The Debug Diary – Chapter I
Lately, I was debugging an issue with the importer tasks of our codebase and came across a code block which looks fine but makes an extra database query in the loop. When you have a look at the Django ORM query
jato_vehicles = JatoVehicle.objects.filter(
year__in=available_years,<more_filters>
).only("manufacturer_code", "uid", "year", "model", "trim")
for entry in jato_vehicles.iterator():
if entry.manufacturer_code:
<logic>
ymt_key = (entry.year, entry.model, entry.trim_processed)
...
you will notice we are using only
, which only loads the set of fields mentioned and deferred other fields, but in the loop, we are using the field trim_processed
which is a deferred field and will result in an extra database call.
Now, as we have identified the performance issue, the best way to handle the cases like this is to use values
or values_list
. The use of only
should be discouraged in the cases like these.

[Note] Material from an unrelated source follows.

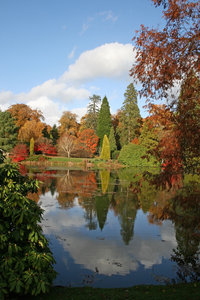 Lakeside vinheta, Inglaterra, calma, céu, folha, folhas, lago, nuvem, outono, parque, paz, reflexão, sussex, tranquilo, água, árvore

Update code will look like this
jato_vehicles = JatoVehicle.objects.filter(
year__in=available_years,<more-filters>).values_list(
"manufacturer_code",
"uid",
"year",
"model",
"trim_processed",
named=True,
)
for entry in jato_vehicles.iterator():
if entry.manufacturer_code:
<logic>
ymt_key = (entry.year, entry.model, entry.trim_processed)
...
By doing this, we are safe from accessing the fields which are not mentioned in the values_list
. If anyone tries to do so, an exception will be raised.
** By using named=True
we get the result as a named tuple which makes it easy to access the values :)
Cheers!